[What the exercise asks] Omit all images, then repeat exactly the lines below from the one containing "- docs.vuepres" through the one containing "急性中耳炎や滲出性中耳炎が治", both ends included.

[Stored data]
◆ ◆ ◆

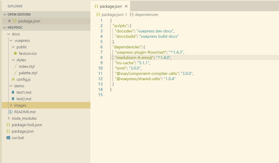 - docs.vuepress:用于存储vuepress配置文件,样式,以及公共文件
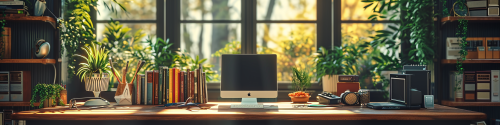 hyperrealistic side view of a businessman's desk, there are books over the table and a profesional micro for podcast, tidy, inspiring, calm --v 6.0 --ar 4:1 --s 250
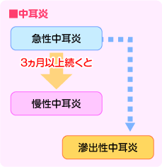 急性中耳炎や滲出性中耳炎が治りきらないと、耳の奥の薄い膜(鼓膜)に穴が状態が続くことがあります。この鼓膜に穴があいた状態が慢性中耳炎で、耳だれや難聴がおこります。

◆ ◆ ◆

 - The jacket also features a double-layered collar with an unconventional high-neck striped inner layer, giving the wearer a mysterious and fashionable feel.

◆ ◆ ◆

[Reply]
 - docs.vuepress:用于存储vuepress配置文件,样式,以及公共文件
 hyperrealistic side view of a businessman's desk, there are books over the table and a profesional micro for podcast, tidy, inspiring, calm --v 6.0 --ar 4:1 --s 250
 急性中耳炎や滲出性中耳炎が治りきらないと、耳の奥の薄い膜(鼓膜)に穴が状態が続くことがあります。この鼓膜に穴があいた状態が慢性中耳炎で、耳だれや難聴がおこります。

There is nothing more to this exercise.